Princess Shanti Singh of Nepal or Shanti Rajya Lakshmi Devi Singh (20 November 1940 – 1 June 2001) was a Nepalese princess and Rani of Bajhang after her marriage to Kumar Deepak Jang Bahadur Singh, 60th Raja of Bajhang. The eldest child of King Mahendra of Nepal, she was one of the ten people who died in the June 2001 Nepalese royal massacre.

The name Shanti means "inner peace".

==Life==

The eldest child of King Mahendra and his first wife Crown Princess Indra, Princess Shanti was educated at Loreto Convent, Darjeeling and Tribhuvan University.

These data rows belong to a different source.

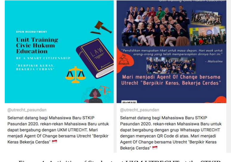
Figure 4. Activities of Students at UKM UTRECHT at the STKIP

Based on the results of the analysis, the optimization of communication technology as a vehicle for education in the concept of the rule of law in the academic community during the Covid-19 pandemic at this STKIP was considered as a way out in facing educational obstacles The concept of a rule of law during the pandemic was to improve the quality of programs during learning process. The benevolence of the rule of law is expected from judicial decision makers to enter administrative, executive decision-making parties, and to advance rule of law projects (Thompson, 2019). In the future, the work environment is recommended to integrate each individual (Broberg, 2000). Therefore, the rule of law education concept at the research setting was to prioritize their professionalism as prospective teachers of Pancasila and Citizenship Education (PPKn) in Indonesia. Integrating the work environment with technology for students at the institute was implemented to realize regular, conducive learning and achieve goals.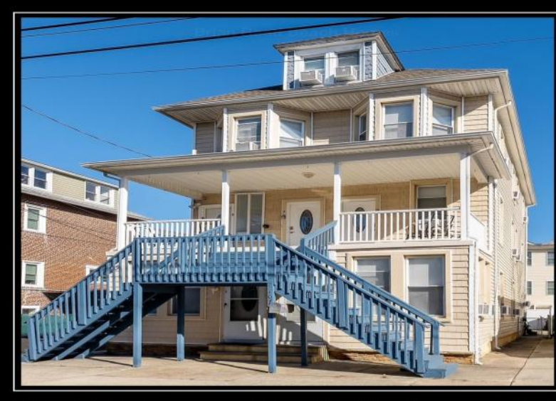
107 E Magnolia Wildwood NJ 6 Bedroom Townhouse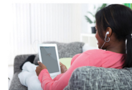
How to Use a Whiteboard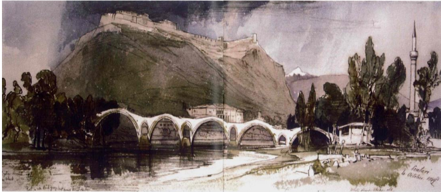
Fig. 14. Edward Lear, “Shkodra (Scutari) in northern Albania, with a view of the fortress and the old Bahçellëk (Gardens) Bridge (1768-1880) over the Drin River, 4 October 1848.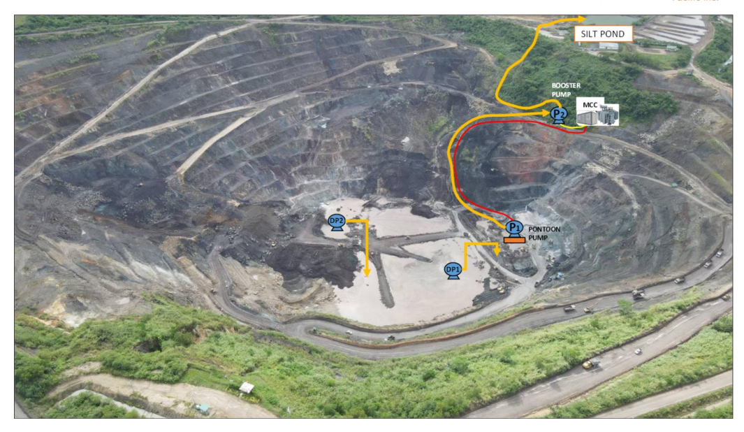
View of Siana open-pit mine and pit bottom recommended pump set-up - April 16, 2024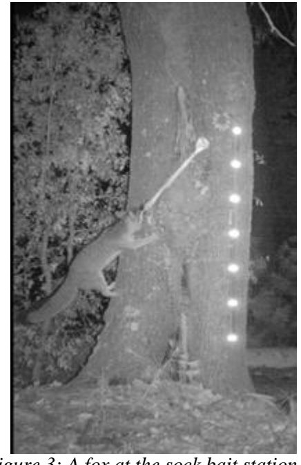
Figure 3: A fox at the sock bait station.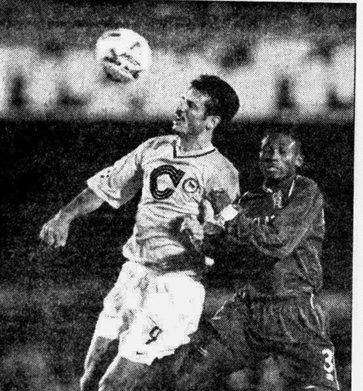
Hertha Berlin's Iranian striker Ali Daei (L) fights with Celestine Babayaro of Chelsea for possession during their Champions' League clash at Stamford Bridge on November 3.

Tuttosport commented: "Chelsea did their duty right to the very end by beating Hertha."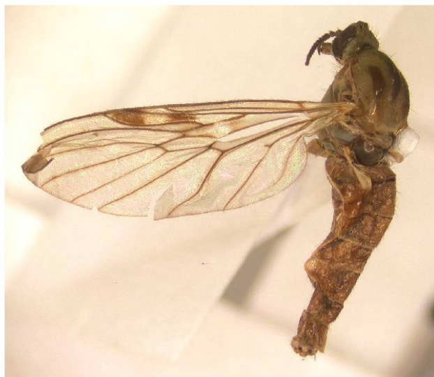
Fig. 2. Sylvicola stackelbergi from Austria, top view.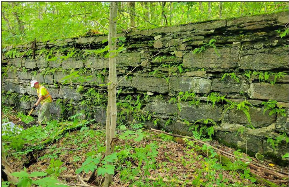
STP inside Lock 36.

Operational between 1851-1924, the Black River Canal opened previously inaccessible portions of New York State to widespread markets via a lateral connection with the Erie Canal. Further, the Black River Canal Lock #36 Site contributes to our understanding of mid-nineteenth century transportation engineering.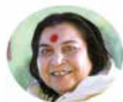
Shree Mataji Nirmla Devi Founder of Sahaja Yoga

Awaken Peace Within Discover your Inner Powers Experience Self-realization

Known as humble and hardworking, Princess Shanti was involved in different social welfare activities. She was Patron of the Nepal Leprosy Relief Association.

She married in Kathmandu, on 8 February 1965, Kumar Deepak Jang Bahadur Singh, 60th Raja of Bajhang (died in 1984 in London). They had three children, two sons and one daughter:

- Binod Singh, 61st Raja of Bajhang.
- Pramod Singh.
- Chhaya Devi. She married Pradeep Bikram Rana, of Jajarkot.

In 1972, she founded the Nepal Leprosy Relief Association and became its patron in 1994. A life member of the Nepalese Red Cross Society and the Family Planning Association, Princess Shanti also greatly contributed to the welfare of disabled people, becoming the president of the Disabled Welfare Fund Management Committee in 1987.

She was killed in the Nepalese royal massacre on 1 June 2001, along with nine other members of the Nepalese royal family.

== Honours ==
- National honours
- Member of the Order of Three Divine Powers, 1st class.
- Member of the Order of the Gurkha Right Hand, 1st class (13 April 1972).
- Vishesh Sewalankar [Distinguished Service Medal].
- King Mahendra Coronation Medal (2 May 1956).
- King Birendra Coronation Medal (25 February 1975).
- Commemorative Silver Jubilee Medal of King Birendra (31 January 1997).